**TASK PROMPT:**
Render every line of the data exactly as written, and leave out the pictures.

**MATERIALS PROVIDED:**
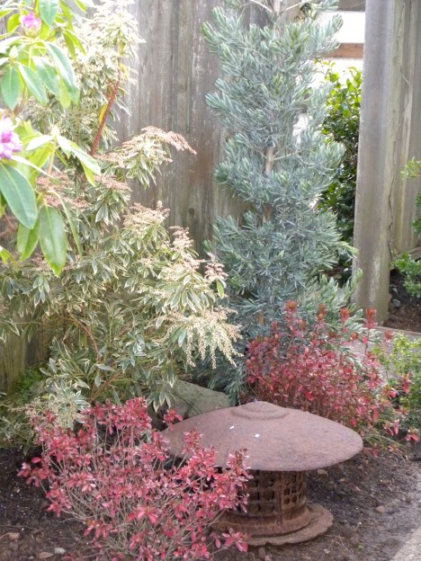 I chose a palette of Daphnes, variegate Pieris, ‘Icee Blue’ Podocarpus, Ophiopogons, Rhodies, red leafed Kurume azaleas, Preziosa Hydrangea (they have red leaves), variegated Abelia, variegated Vinca minor, some Rubus, purple-leafed Oaxalis, Japanese painted ferns and native Blechnum spicant ferns.
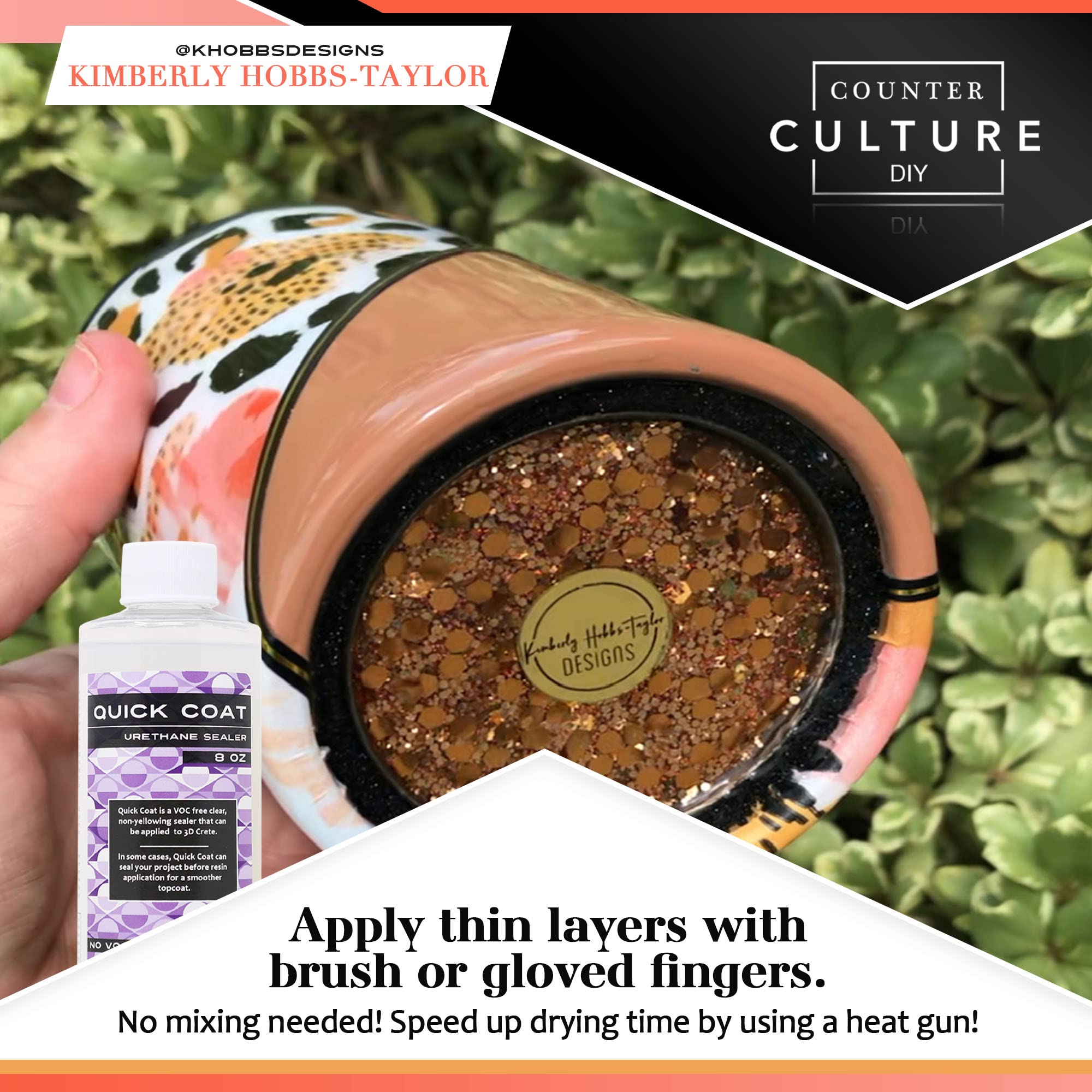 INCLUDES: Counter Culture DIY 4 Ounce Quick Coat Sealer. Quick Coat is a VOC free, clear, non-yellowing sealer. It makes the perfect surface for your next layer of resin. PROTECT YOUR ART: The Quick Coat sealer is the perfect first step in your resin art project. Seal your art into place before pouring resin with Quick Coat, that way your art doesn't move and you have a crystal clear smooth finish to pour the resin on top of. MULTI-PURPOSE: Not only can you apply Quick Coat to seal marble dips, glitter, vinyl and decals - but it's perfect for applying glitter or fabric to your smaller projects as well like jewelry, keychains, or tumblers. HOW TO USE: Apply a very thin layer of Quick Coat to your work with a brush or your gloved finger. After the first layer is dry to the touch, apply a second layer in the same fashion as the first. Make sure Quick Coat is completely dry before applying resin. You can use a dryer or heat gun to speed up this process. THE PERFECT GIFT: For yourself, or that special maker, DIY'er, craftsman or woman in your life. We offer cosmetic-grade color pigments, artist resin, unfinished wood circle cutouts, and acrylic pouring primer, all designed to work beautifully together! INCLUDES: Counter Culture DIY 8 Ounce Quick Coat Sealer. Quick Coat is a VOC free, clear, non-yellowing sealer. It makes the perfect surface for your next layer of resin. PROTECT YOUR ART: The Quick Coat sealer is the perfect first step in your resin art project. Seal your art into place before pouring resin with Quick Coat, that way your art doesn't move and you have a crystal clear smooth finish to pour the resin on top of. MULTI-PURPOSE: Not only can you apply Quick Coat to seal marble dips, glitter, vinyl and decals - but it's perfect for applying glitter or fabric to your smaller projects as well like jewelry, keychains, or tumblers. HOW TO USE: Apply a very thin layer of Quick Coat to your work with a brush or your gloved finger. After the first layer is dry to the touch, apply a second layer in the same fashion as the first. Make sure Quick Coat is completely dry before applying resin. You can use a dryer or heat gun to speed up this process. THE PERFECT GIFT: For yourself, or that special maker, DIY'er, craftsman or woman in your life. We offer cosmetic-grade color pigments, artist resin, unfinished wood circle cutouts, and acrylic pouring primer, all designed to work beautifully together! 𝐏𝐥𝐞𝐚𝐬𝐞 𝐧𝐨𝐭𝐞: Packaging and labels may vary due to recent branding updates.
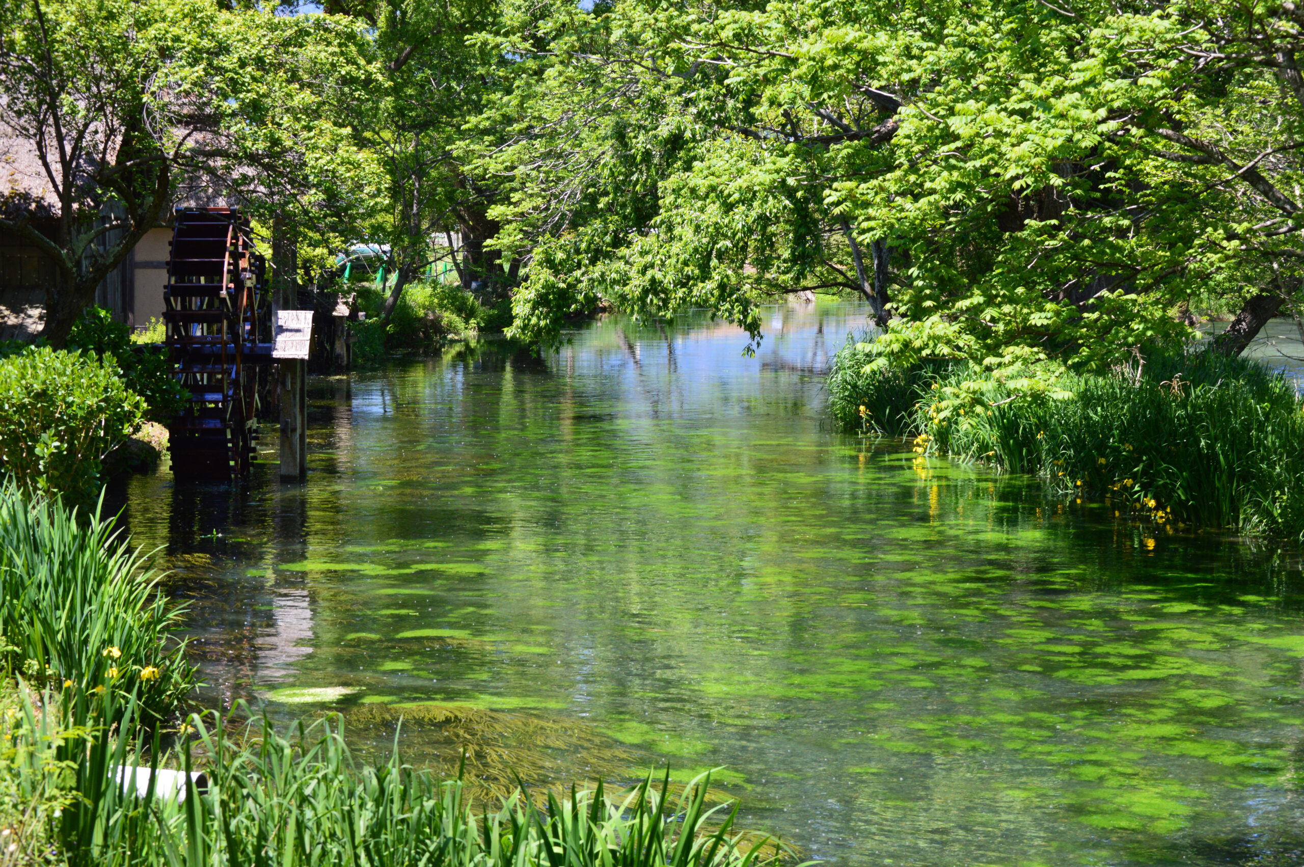 ツアーの途中では、わさび農園の水車小屋に立ち寄ったり、中州で水遊びや水生物探しをしたり。
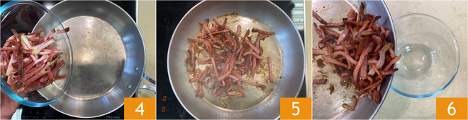 Mettez le speck dans une poêle bien chaude 4 et, sans ajouter de matière grasse, faites-le dorer à feu moyen pendant environ 5 minutes, jusqu'à ce qu'il devienne bien croustillant 5. Retirez le speck de la poêle et réservez-le 6.
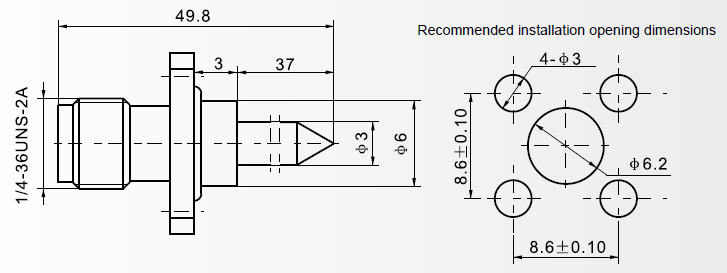 Voltage Standing Wave Ratio (VSWR, with semi-rigid/flexible cable) ≤1.10 + 0.02F
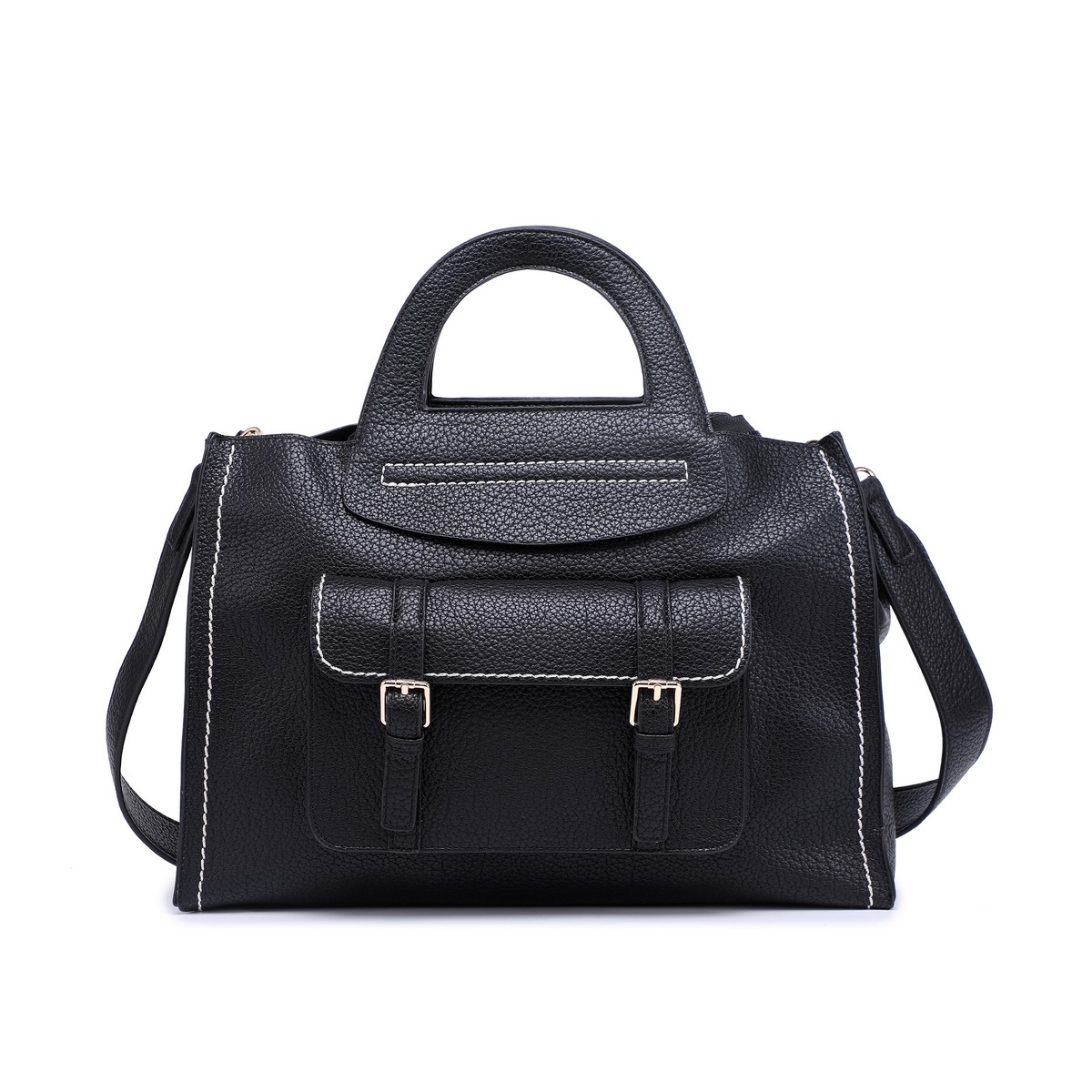 Τσάντα Δερματίνη χειρός με δυο οβάλ σχήματος χέρια και μπροστινό τσεπάκι με λεπτομέρειες άσπρες ραφές. Διαθέτει ιμάντα που αυξομειώνεται για χιαστί. Διάσταση: Πλάτος 38 Χ 26 Ύψος Χ 12 Πάτος

**RESPONSE TO THE EXERCISE:**
 I chose a palette of Daphnes, variegate Pieris, ‘Icee Blue’ Podocarpus, Ophiopogons, Rhodies, red leafed Kurume azaleas, Preziosa Hydrangea (they have red leaves), variegated Abelia, variegated Vinca minor, some Rubus, purple-leafed Oaxalis, Japanese painted ferns and native Blechnum spicant ferns.
 INCLUDES: Counter Culture DIY 4 Ounce Quick Coat Sealer. Quick Coat is a VOC free, clear, non-yellowing sealer. It makes the perfect surface for your next layer of resin. PROTECT YOUR ART: The Quick Coat sealer is the perfect first step in your resin art project. Seal your art into place before pouring resin with Quick Coat, that way your art doesn't move and you have a crystal clear smooth finish to pour the resin on top of. MULTI-PURPOSE: Not only can you apply Quick Coat to seal marble dips, glitter, vinyl and decals - but it's perfect for applying glitter or fabric to your smaller projects as well like jewelry, keychains, or tumblers. HOW TO USE: Apply a very thin layer of Quick Coat to your work with a brush or your gloved finger. After the first layer is dry to the touch, apply a second layer in the same fashion as the first. Make sure Quick Coat is completely dry before applying resin. You can use a dryer or heat gun to speed up this process. THE PERFECT GIFT: For yourself, or that special maker, DIY'er, craftsman or woman in your life. We offer cosmetic-grade color pigments, artist resin, unfinished wood circle cutouts, and acrylic pouring primer, all designed to work beautifully together! INCLUDES: Counter Culture DIY 8 Ounce Quick Coat Sealer. Quick Coat is a VOC free, clear, non-yellowing sealer. It makes the perfect surface for your next layer of resin. PROTECT YOUR ART: The Quick Coat sealer is the perfect first step in your resin art project. Seal your art into place before pouring resin with Quick Coat, that way your art doesn't move and you have a crystal clear smooth finish to pour the resin on top of. MULTI-PURPOSE: Not only can you apply Quick Coat to seal marble dips, glitter, vinyl and decals - but it's perfect for applying glitter or fabric to your smaller projects as well like jewelry, keychains, or tumblers. HOW TO USE: Apply a very thin layer of Quick Coat to your work with a brush or your gloved finger. After the first layer is dry to the touch, apply a second layer in the same fashion as the first. Make sure Quick Coat is completely dry before applying resin. You can use a dryer or heat gun to speed up this process. THE PERFECT GIFT: For yourself, or that special maker, DIY'er, craftsman or woman in your life. We offer cosmetic-grade color pigments, artist resin, unfinished wood circle cutouts, and acrylic pouring primer, all designed to work beautifully together! 𝐏𝐥𝐞𝐚𝐬𝐞 𝐧𝐨𝐭𝐞: Packaging and labels may vary due to recent branding updates.
 ツアーの途中では、わさび農園の水車小屋に立ち寄ったり、中州で水遊びや水生物探しをしたり。
 Mettez le speck dans une poêle bien chaude 4 et, sans ajouter de matière grasse, faites-le dorer à feu moyen pendant environ 5 minutes, jusqu'à ce qu'il devienne bien croustillant 5. Retirez le speck de la poêle et réservez-le 6.
 Voltage Standing Wave Ratio (VSWR, with semi-rigid/flexible cable) ≤1.10 + 0.02F
 Τσάντα Δερματίνη χειρός με δυο οβάλ σχήματος χέρια και μπροστινό τσεπάκι με λεπτομέρειες άσπρες ραφές. Διαθέτει ιμάντα που αυξομειώνεται για χιαστί. Διάσταση: Πλάτος 38 Χ 26 Ύψος Χ 12 Πάτος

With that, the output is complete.